### [INSTRUCTIONS FOR THE TASK]
Transcribe word for word the section of the records below that opens with the line containing "Location of Frenchtown" and closes with the line containing "Bransoletka w odcieniach"; drop every picture.

### [DATA RECORDS]
────────────────

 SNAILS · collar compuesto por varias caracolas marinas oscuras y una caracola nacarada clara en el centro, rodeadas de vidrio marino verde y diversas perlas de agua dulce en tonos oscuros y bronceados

────────────────

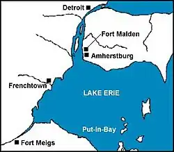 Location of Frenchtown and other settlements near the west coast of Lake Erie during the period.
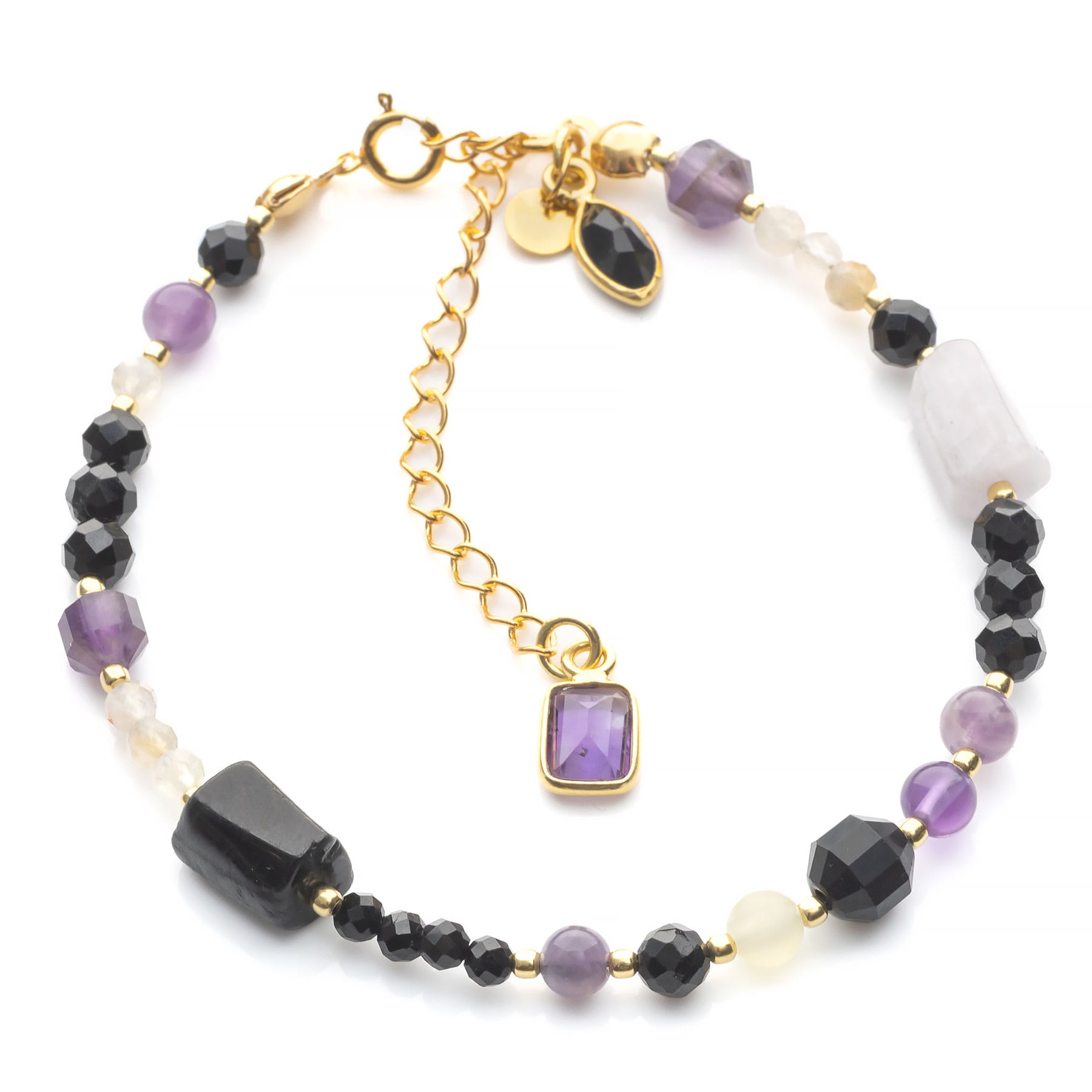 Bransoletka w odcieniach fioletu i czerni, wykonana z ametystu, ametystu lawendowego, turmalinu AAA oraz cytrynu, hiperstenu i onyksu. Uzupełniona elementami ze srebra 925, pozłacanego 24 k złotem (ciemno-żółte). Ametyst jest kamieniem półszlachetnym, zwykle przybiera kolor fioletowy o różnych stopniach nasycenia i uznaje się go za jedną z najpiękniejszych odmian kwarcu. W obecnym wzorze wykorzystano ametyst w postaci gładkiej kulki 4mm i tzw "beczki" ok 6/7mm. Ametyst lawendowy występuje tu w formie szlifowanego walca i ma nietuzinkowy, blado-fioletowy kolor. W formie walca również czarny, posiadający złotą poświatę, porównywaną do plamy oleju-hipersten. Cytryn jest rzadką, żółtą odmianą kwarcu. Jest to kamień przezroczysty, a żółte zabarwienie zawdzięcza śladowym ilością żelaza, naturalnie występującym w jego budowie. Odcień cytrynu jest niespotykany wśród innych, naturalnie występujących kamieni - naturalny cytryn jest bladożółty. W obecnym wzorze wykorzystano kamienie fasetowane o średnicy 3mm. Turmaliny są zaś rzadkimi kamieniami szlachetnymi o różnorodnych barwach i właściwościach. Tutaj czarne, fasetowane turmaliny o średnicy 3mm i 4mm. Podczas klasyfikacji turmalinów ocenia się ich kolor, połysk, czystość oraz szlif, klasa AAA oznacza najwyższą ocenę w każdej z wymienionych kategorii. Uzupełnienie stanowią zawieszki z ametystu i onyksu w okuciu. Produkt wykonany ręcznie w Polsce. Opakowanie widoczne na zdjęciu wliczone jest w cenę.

────────────────

### [EXERCISE RESULT]
 Location of Frenchtown and other settlements near the west coast of Lake Erie during the period.
 Bransoletka w odcieniach fioletu i czerni, wykonana z ametystu, ametystu lawendowego, turmalinu AAA oraz cytrynu, hiperstenu i onyksu. Uzupełniona elementami ze srebra 925, pozłacanego 24 k złotem (ciemno-żółte). Ametyst jest kamieniem półszlachetnym, zwykle przybiera kolor fioletowy o różnych stopniach nasycenia i uznaje się go za jedną z najpiękniejszych odmian kwarcu. W obecnym wzorze wykorzystano ametyst w postaci gładkiej kulki 4mm i tzw "beczki" ok 6/7mm. Ametyst lawendowy występuje tu w formie szlifowanego walca i ma nietuzinkowy, blado-fioletowy kolor. W formie walca również czarny, posiadający złotą poświatę, porównywaną do plamy oleju-hipersten. Cytryn jest rzadką, żółtą odmianą kwarcu. Jest to kamień przezroczysty, a żółte zabarwienie zawdzięcza śladowym ilością żelaza, naturalnie występującym w jego budowie. Odcień cytrynu jest niespotykany wśród innych, naturalnie występujących kamieni - naturalny cytryn jest bladożółty. W obecnym wzorze wykorzystano kamienie fasetowane o średnicy 3mm. Turmaliny są zaś rzadkimi kamieniami szlachetnymi o różnorodnych barwach i właściwościach. Tutaj czarne, fasetowane turmaliny o średnicy 3mm i 4mm. Podczas klasyfikacji turmalinów ocenia się ich kolor, połysk, czystość oraz szlif, klasa AAA oznacza najwyższą ocenę w każdej z wymienionych kategorii. Uzupełnienie stanowią zawieszki z ametystu i onyksu w okuciu. Produkt wykonany ręcznie w Polsce. Opakowanie widoczne na zdjęciu wliczone jest w cenę.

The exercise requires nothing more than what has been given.